RECORD EXTRACTS:
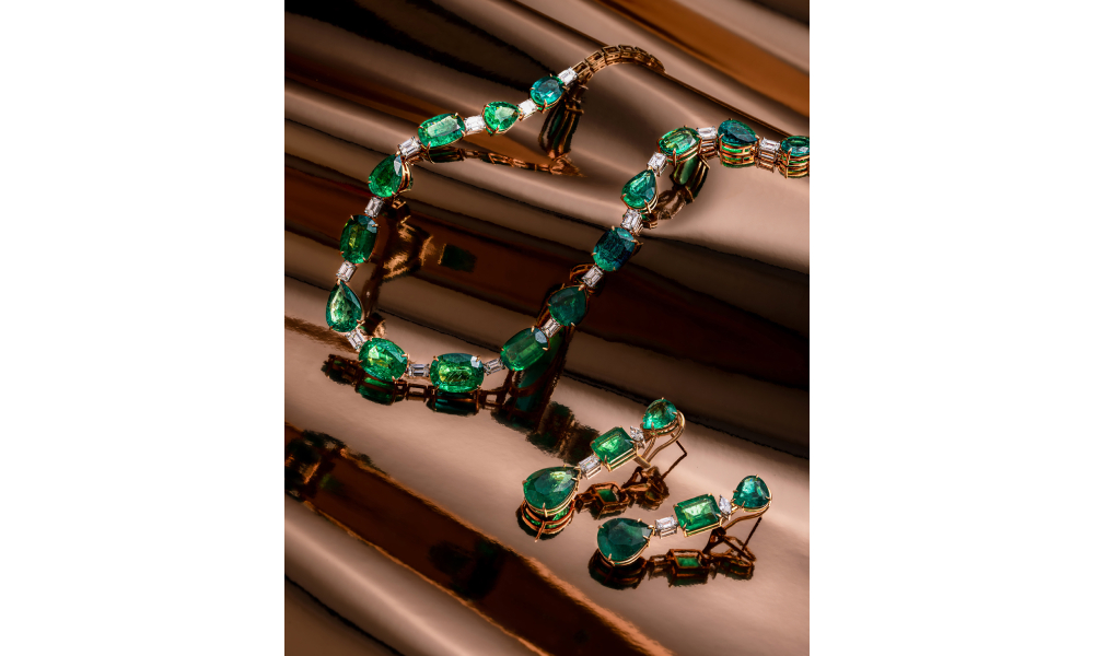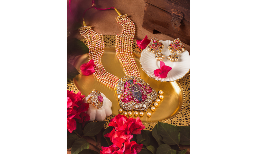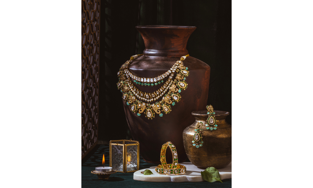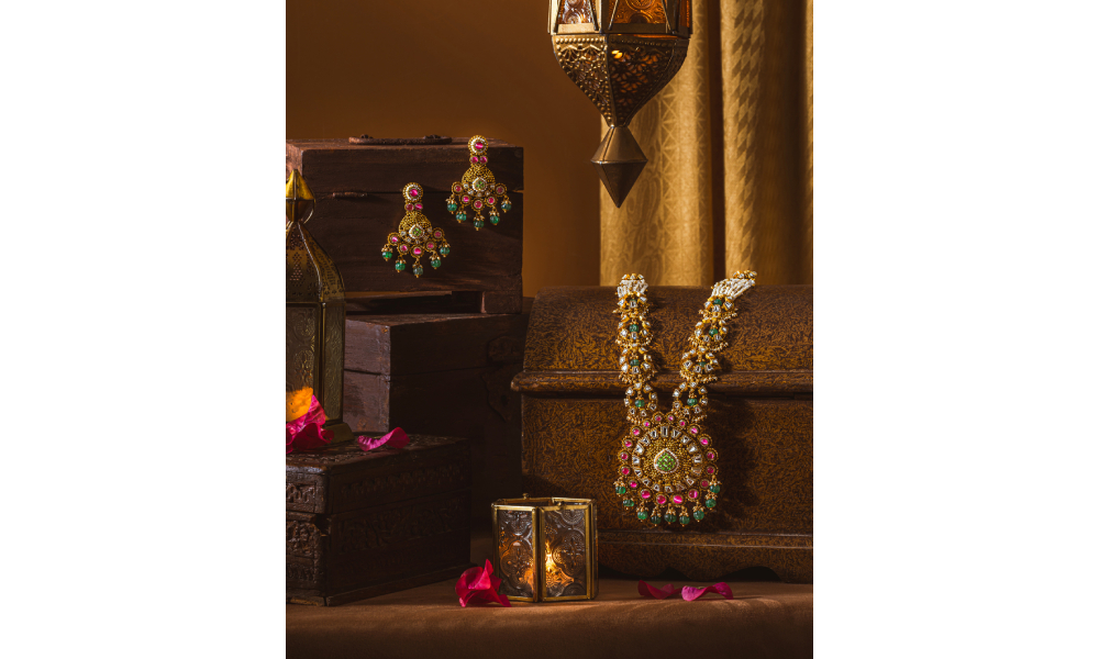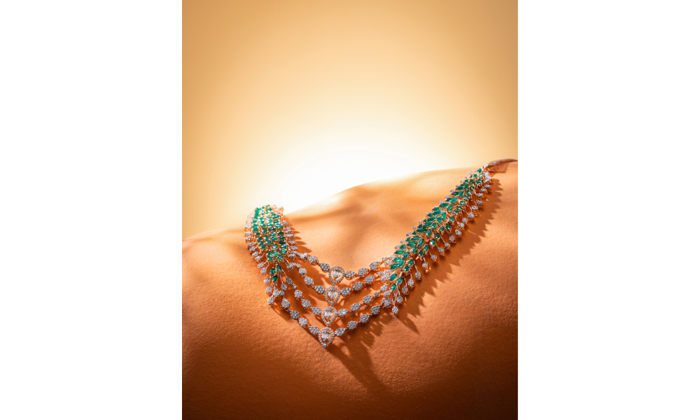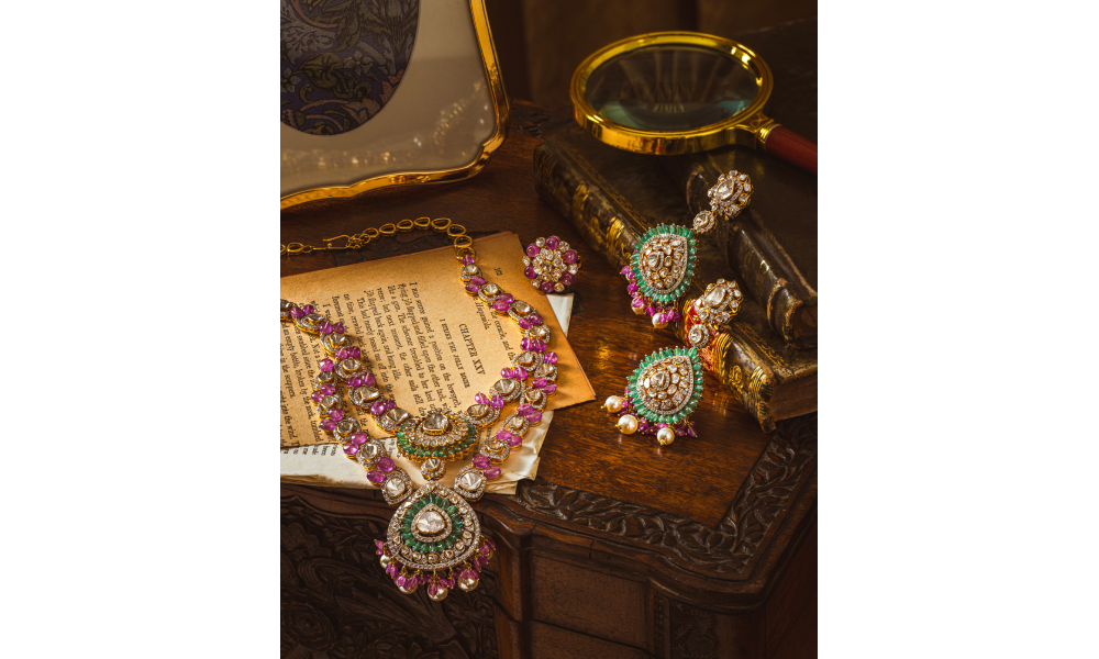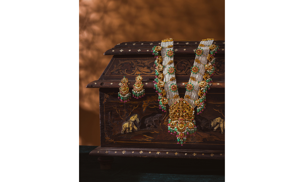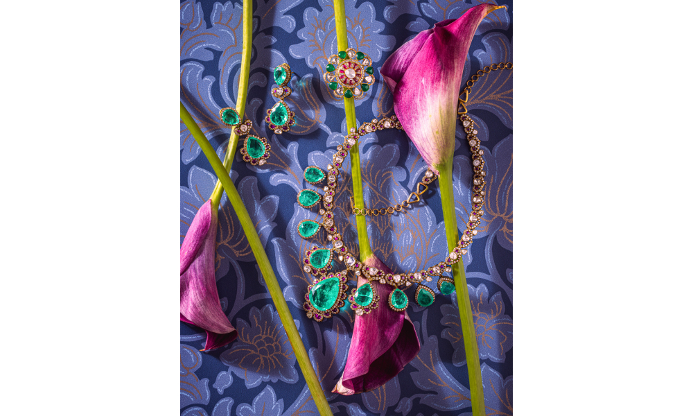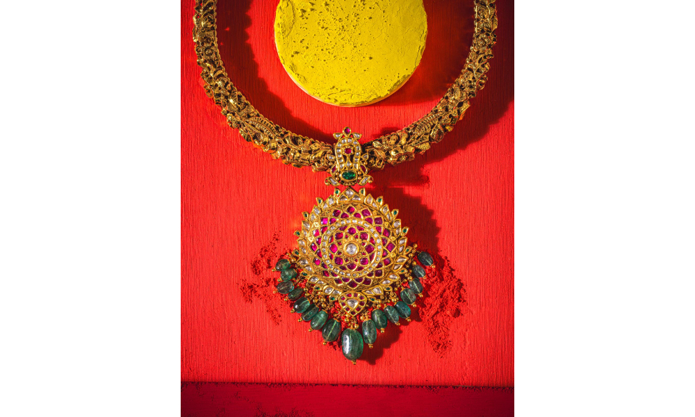 The grand multi-row necklace, featuring stylized elephants adorned with polkis and emerald accents, exudes captivating visual appeal. Paired with matching statement earrings and bangles, each piece showcases intricate detailing, making it perfect for bridal celebrations. By ACHAL JEWELS, JaipurThe bold necklace set adorned with vibrant contrasting colours, is set with gorgeous rubies, radiating polkis, and lush green emeralds. This ensemble stands out for its dynamic use of colour, making it an ideal pick for the Sangeet ceremony. By AGARWAL & CO., JaipurThe stunning, single-row necklace set is embellished with richly hued emeralds interjected with precisely cut diamonds, all set in a clean, structured silhouette. It’s the perfect choice for a minimalist bride looking to make a maximum impact. By GHANSHYAM DAS KOTAWALA, New DelhiThe ornate bib necklace set bears symmetrical motifs adorned with polkis and emerald beads. The set stands out for its elaborate design and bold presence, which are ideal for grand festive or bridal occasions. By GEETA SHYAM JEWELLERS, JaipurThe multi-strand pearl necklace suspends an elaborate pendant depicting Lord Krishna, suffused with rubies and framed with polkis. The collection’s bold colours and detailed craftsmanship reflect a rich cultural narrative. By JEWELS OF RAJPUTAANA, JaipurThe antique necklace terminating into a statement pendant accented with emeralds and rubies, features rawa and filigree work. The set blends tradition with festive flair, ensuring an unforgettable statement for special occasions. By KANCHAN ANTIQUE GOLD JEWELLERY, MumbaiThe two-row gold necklace, patterned with deep pink ruby drops and diamonds, is complemented by pendant earrings of the same design. The careful arrangement of gemstones and intricate detailing lends a feminine, lively touch to the set. By RAJ JEWELLERS, JaipurThe intricately carved nature-inspired gold hasli suspends a striking pendant with design cues drawn from mandala motifs. The pendant is adorned with rubies and fringed with graduating emerald beads. By SK SETH JEWELLERS, MumbaiThe single line gold necklace is composed of stylized heart-shaped motifs adorned with rubies and polkis, each suspending a pear-shaped emerald. The necklace is paired with double-drop earrings and a floral ring. By RJ JEWELLERS, JaipurThe multi-row pearl necklace is accented with intricately designed gold motifs embellished with emeralds and rubies. The standout pendant bears a beautifully carved idol flanked by elephant motifs, adding a symbolic touch of heritage and grandeur. By SHANTI S. SETH JEWELLERS, MumbaiThe elegant diamond-encrusted necklace composed of radiant geometric spokes is lined with floral motifs. Its structured layout contrasts with the burst of circular motifs, adding depth to the piece. By THE LEO JEWELS, MumbaiThe openwork necklace features layers of emeralds and diamonds, while the teardrop motifs and cascading leafy layers add a sense of movement and depth. By UMA ORNAMENTS, MumbaiThis unique necklace set dazzles with an array of diamonds and rose cut diamonds accented by pastel-hued emeralds, creating a refined yet captivating aesthetic. The blend of these soft-toned gemstones offers a refreshing balance of classic and contemporary appeal. By VALENTINE JADAU, JaipurThe new-age white gold necklace shimmers with the radiance of white diamonds, while the yellow sapphires add warm tones to the piece. The neck piece is paired with hoops featuring a similar combination of gemstones. By VIJAY GEMS & JEWELLERY, Bengaluru
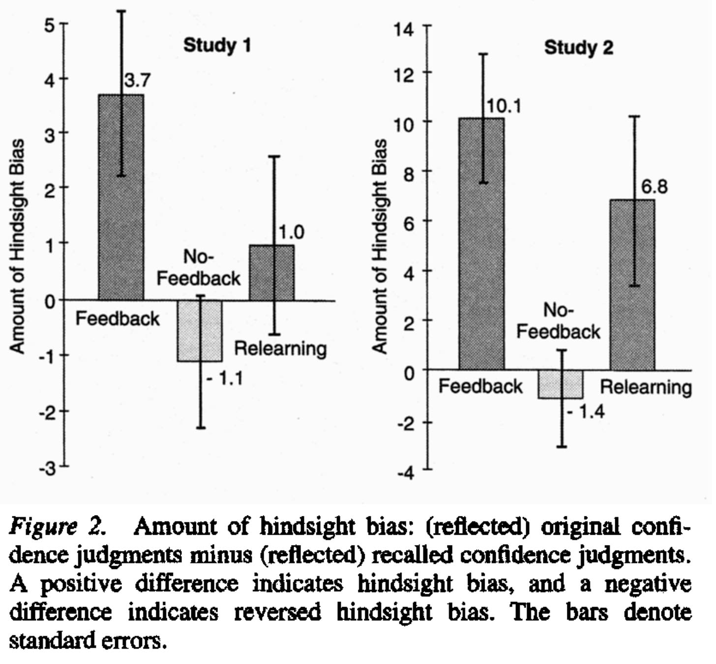 For a concrete example, here are the results from Hoffrage et al. 2000—the relevant condition is the “Feedback” condition, with positive values indicating a positive hindsight shift:
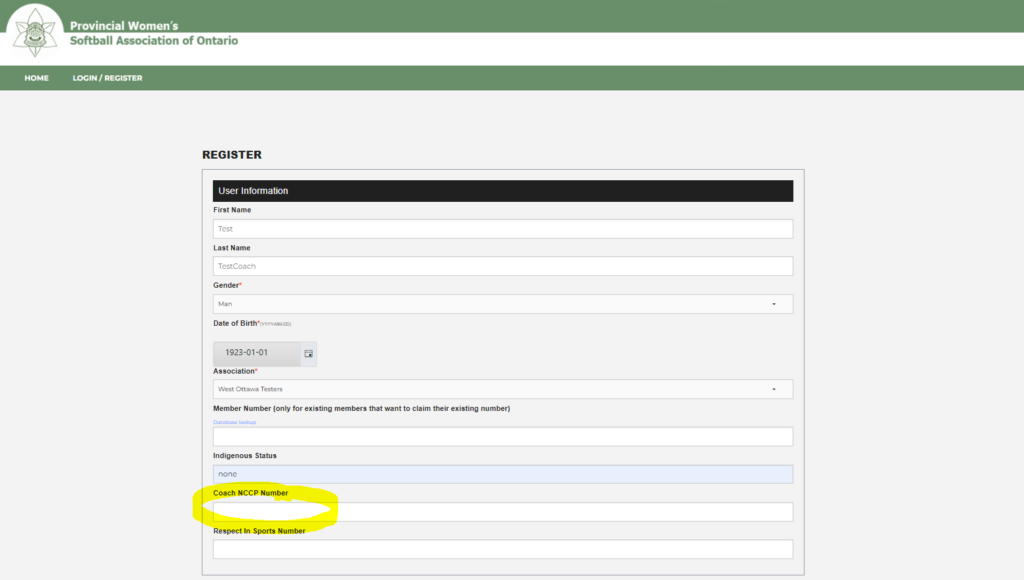 When any user of the MRS registers, they are required to fill in all the mandatory data points in the user profile before submitting. Since not all members will become a coach or an assistant coach, the Coach NCCP Number is one of those fields in the profile that is not mandatory. There is nothing preventing coaches or assistant coaches from filling in this number during the initial data entry process.
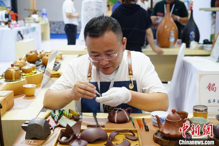 中新网济南9月15日电(王采怡)韵味典雅的琅琊古琴、栩栩如生的郭氏木雕、色彩鲜艳的莱芜面塑、笔触细腻的牡丹工笔画……第四届中国国际文化旅游博览会、第二届中华传统工艺大会(以下简称“博览会”)9月15日持续在山东济南举办,在“山东手造”展区,来自16地市不同风格的“山东手造”汇聚一堂、各展风采,尽显传统工艺魅力。 “山东手造”荟萃文旅盛会,尽显传统工艺魅力。图为画工正在现场创作牡丹工笔画。祁建月 摄 当天,记者在菏泽市巨野县的牡丹工笔画展位看到,一名画工正在宣纸上给牡丹花瓣上色。“牡丹工笔画是我们当地的特色,现在已经形成集绘画、刻章、装裱、培训等为一体的产业链。”菏泽市巨野县书画院院长程军伟表示,牡丹工笔画笔法精湛、色彩绚丽,学起来上手很快。目前,该产业已带动1万余人实现家门口就业。“希望通过这次博览会提升牡丹工笔画的知名度,宣传牡丹文化。” “山东手造”荟萃文旅盛会,尽显传统工艺魅力。图为手工艺者正在进行锔瓷。王采怡 摄 “这套茶具名为‘镶银葫芦茶具’,是融合锔瓷工艺制作的独特文创产品。”来自聊城市茌平区的锔瓷技艺代表性传承人张保洋说,所谓锔瓷,就是用金刚钻和锔钉修补破碎的瓷器,是一项兼具实用价值与艺术价值的传统手艺。“我们通过打造精巧的文创产品、开设锔瓷课程等,让更多人了解这门手艺,也想借这个展会进一步推广锔瓷技艺。” 选料、打胚、挖槽腹、髹漆、装配件、调音……在文博会现场,来自临沂市郯城县的斫琴传承人陈乃峰正在向观众讲解制作古琴的方法。“斫琴不仅是门技术,更是门艺术。斫琴师不仅要会木工,懂音律、铭文、漆艺等,还需要具有艺术审美能力。”陈乃峰认为,古琴文化要与时俱进,通过文博会这个平台,可以让斫琴走进大众生活,把老祖宗的技艺传承发展下去。 “山东手造”荟萃文旅盛会,尽显传统工艺魅力。图为木雕作品“荷之韵茶盘”。王采怡 摄 “郭氏木雕发源于明朝时期,距今有600多年的历史,传到我这里已经是第22代。”来自济宁市汶上县的郭氏木雕传承人郭宗磊告诉记者,他喜欢在创作时融入家乡的文化元素,比如新创作的“荷之韵茶盘”,上面雕刻的荷花是济宁市的市花,白莲藕是汶上县的特产。“我几乎每年都来参加博览会,既能和其他手工艺者交流学习,也增加了自己的订单量,收获很大。” 博览会现场,还有俄罗斯巧克力、印度精油、沙特阿拉伯工艺品等来自30多个国家的特色手工艺品、文创产品集中亮相,展示独具地域特色的“手造”风采,释放文化活力。
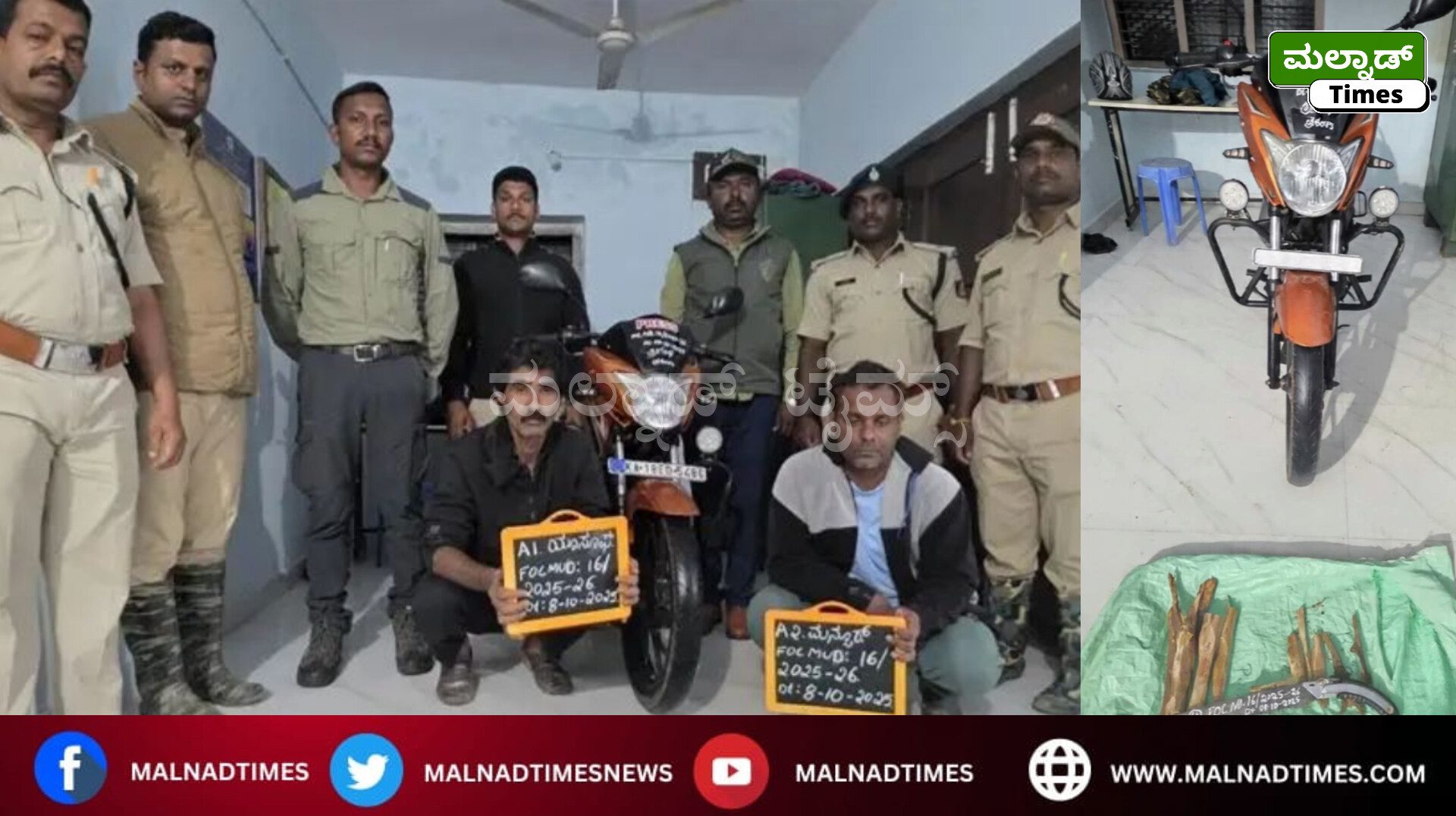 ಅ. 8ರಂದು ಬುಧವಾರ ರಾತ್ರಿ 8 ಗಂಟೆ ಸುಮಾರಿಗೆ ಮೂಡಿಗೆರೆ ಶಾಖೆ ವ್ಯಾಪ್ತಿಯಲ್ಲಿ ಕಾರ್ಯಾಚರಣೆ ನಡೆಸಿದ ಅರಣ್ಯ ಇಲಾಖೆ ಸಿಬ್ಬಂದಿ, ಸುಜುಕಿ ಕಂಪನಿಯ ಬೈಕಿನಿಂದ ಅಕ್ರಮವಾಗಿ ಸಾಗಿಸುತ್ತಿದ್ದ ಶ್ರೀಗಂಧದ ತುಂಡುಗಳನ್ನು ವಶಪಡಿಸಿಕೊಂಡಿದ್ದಾರೆ.

DESCRIPTION OF THE TASK:
Keep the pictures out while you retype all of the data above exactly as it appears.

ANSWER TO THE PROBLEM:
 The grand multi-row necklace, featuring stylized elephants adorned with polkis and emerald accents, exudes captivating visual appeal. Paired with matching statement earrings and bangles, each piece showcases intricate detailing, making it perfect for bridal celebrations. By ACHAL JEWELS, JaipurThe bold necklace set adorned with vibrant contrasting colours, is set with gorgeous rubies, radiating polkis, and lush green emeralds. This ensemble stands out for its dynamic use of colour, making it an ideal pick for the Sangeet ceremony. By AGARWAL & CO., JaipurThe stunning, single-row necklace set is embellished with richly hued emeralds interjected with precisely cut diamonds, all set in a clean, structured silhouette. It’s the perfect choice for a minimalist bride looking to make a maximum impact. By GHANSHYAM DAS KOTAWALA, New DelhiThe ornate bib necklace set bears symmetrical motifs adorned with polkis and emerald beads. The set stands out for its elaborate design and bold presence, which are ideal for grand festive or bridal occasions. By GEETA SHYAM JEWELLERS, JaipurThe multi-strand pearl necklace suspends an elaborate pendant depicting Lord Krishna, suffused with rubies and framed with polkis. The collection’s bold colours and detailed craftsmanship reflect a rich cultural narrative. By JEWELS OF RAJPUTAANA, JaipurThe antique necklace terminating into a statement pendant accented with emeralds and rubies, features rawa and filigree work. The set blends tradition with festive flair, ensuring an unforgettable statement for special occasions. By KANCHAN ANTIQUE GOLD JEWELLERY, MumbaiThe two-row gold necklace, patterned with deep pink ruby drops and diamonds, is complemented by pendant earrings of the same design. The careful arrangement of gemstones and intricate detailing lends a feminine, lively touch to the set. By RAJ JEWELLERS, JaipurThe intricately carved nature-inspired gold hasli suspends a striking pendant with design cues drawn from mandala motifs. The pendant is adorned with rubies and fringed with graduating emerald beads. By SK SETH JEWELLERS, MumbaiThe single line gold necklace is composed of stylized heart-shaped motifs adorned with rubies and polkis, each suspending a pear-shaped emerald. The necklace is paired with double-drop earrings and a floral ring. By RJ JEWELLERS, JaipurThe multi-row pearl necklace is accented with intricately designed gold motifs embellished with emeralds and rubies. The standout pendant bears a beautifully carved idol flanked by elephant motifs, adding a symbolic touch of heritage and grandeur. By SHANTI S. SETH JEWELLERS, MumbaiThe elegant diamond-encrusted necklace composed of radiant geometric spokes is lined with floral motifs. Its structured layout contrasts with the burst of circular motifs, adding depth to the piece. By THE LEO JEWELS, MumbaiThe openwork necklace features layers of emeralds and diamonds, while the teardrop motifs and cascading leafy layers add a sense of movement and depth. By UMA ORNAMENTS, MumbaiThis unique necklace set dazzles with an array of diamonds and rose cut diamonds accented by pastel-hued emeralds, creating a refined yet captivating aesthetic. The blend of these soft-toned gemstones offers a refreshing balance of classic and contemporary appeal. By VALENTINE JADAU, JaipurThe new-age white gold necklace shimmers with the radiance of white diamonds, while the yellow sapphires add warm tones to the piece. The neck piece is paired with hoops featuring a similar combination of gemstones. By VIJAY GEMS & JEWELLERY, Bengaluru
 For a concrete example, here are the results from Hoffrage et al. 2000—the relevant condition is the “Feedback” condition, with positive values indicating a positive hindsight shift:
 When any user of the MRS registers, they are required to fill in all the mandatory data points in the user profile before submitting. Since not all members will become a coach or an assistant coach, the Coach NCCP Number is one of those fields in the profile that is not mandatory. There is nothing preventing coaches or assistant coaches from filling in this number during the initial data entry process.
 中新网济南9月15日电(王采怡)韵味典雅的琅琊古琴、栩栩如生的郭氏木雕、色彩鲜艳的莱芜面塑、笔触细腻的牡丹工笔画……第四届中国国际文化旅游博览会、第二届中华传统工艺大会(以下简称“博览会”)9月15日持续在山东济南举办,在“山东手造”展区,来自16地市不同风格的“山东手造”汇聚一堂、各展风采,尽显传统工艺魅力。 “山东手造”荟萃文旅盛会,尽显传统工艺魅力。图为画工正在现场创作牡丹工笔画。祁建月 摄 当天,记者在菏泽市巨野县的牡丹工笔画展位看到,一名画工正在宣纸上给牡丹花瓣上色。“牡丹工笔画是我们当地的特色,现在已经形成集绘画、刻章、装裱、培训等为一体的产业链。”菏泽市巨野县书画院院长程军伟表示,牡丹工笔画笔法精湛、色彩绚丽,学起来上手很快。目前,该产业已带动1万余人实现家门口就业。“希望通过这次博览会提升牡丹工笔画的知名度,宣传牡丹文化。” “山东手造”荟萃文旅盛会,尽显传统工艺魅力。图为手工艺者正在进行锔瓷。王采怡 摄 “这套茶具名为‘镶银葫芦茶具’,是融合锔瓷工艺制作的独特文创产品。”来自聊城市茌平区的锔瓷技艺代表性传承人张保洋说,所谓锔瓷,就是用金刚钻和锔钉修补破碎的瓷器,是一项兼具实用价值与艺术价值的传统手艺。“我们通过打造精巧的文创产品、开设锔瓷课程等,让更多人了解这门手艺,也想借这个展会进一步推广锔瓷技艺。” 选料、打胚、挖槽腹、髹漆、装配件、调音……在文博会现场,来自临沂市郯城县的斫琴传承人陈乃峰正在向观众讲解制作古琴的方法。“斫琴不仅是门技术,更是门艺术。斫琴师不仅要会木工,懂音律、铭文、漆艺等,还需要具有艺术审美能力。”陈乃峰认为,古琴文化要与时俱进,通过文博会这个平台,可以让斫琴走进大众生活,把老祖宗的技艺传承发展下去。 “山东手造”荟萃文旅盛会,尽显传统工艺魅力。图为木雕作品“荷之韵茶盘”。王采怡 摄 “郭氏木雕发源于明朝时期,距今有600多年的历史,传到我这里已经是第22代。”来自济宁市汶上县的郭氏木雕传承人郭宗磊告诉记者,他喜欢在创作时融入家乡的文化元素,比如新创作的“荷之韵茶盘”,上面雕刻的荷花是济宁市的市花,白莲藕是汶上县的特产。“我几乎每年都来参加博览会,既能和其他手工艺者交流学习,也增加了自己的订单量,收获很大。” 博览会现场,还有俄罗斯巧克力、印度精油、沙特阿拉伯工艺品等来自30多个国家的特色手工艺品、文创产品集中亮相,展示独具地域特色的“手造”风采,释放文化活力。
 ಅ. 8ರಂದು ಬುಧವಾರ ರಾತ್ರಿ 8 ಗಂಟೆ ಸುಮಾರಿಗೆ ಮೂಡಿಗೆರೆ ಶಾಖೆ ವ್ಯಾಪ್ತಿಯಲ್ಲಿ ಕಾರ್ಯಾಚರಣೆ ನಡೆಸಿದ ಅರಣ್ಯ ಇಲಾಖೆ ಸಿಬ್ಬಂದಿ, ಸುಜುಕಿ ಕಂಪನಿಯ ಬೈಕಿನಿಂದ ಅಕ್ರಮವಾಗಿ ಸಾಗಿಸುತ್ತಿದ್ದ ಶ್ರೀಗಂಧದ ತುಂಡುಗಳನ್ನು ವಶಪಡಿಸಿಕೊಂಡಿದ್ದಾರೆ.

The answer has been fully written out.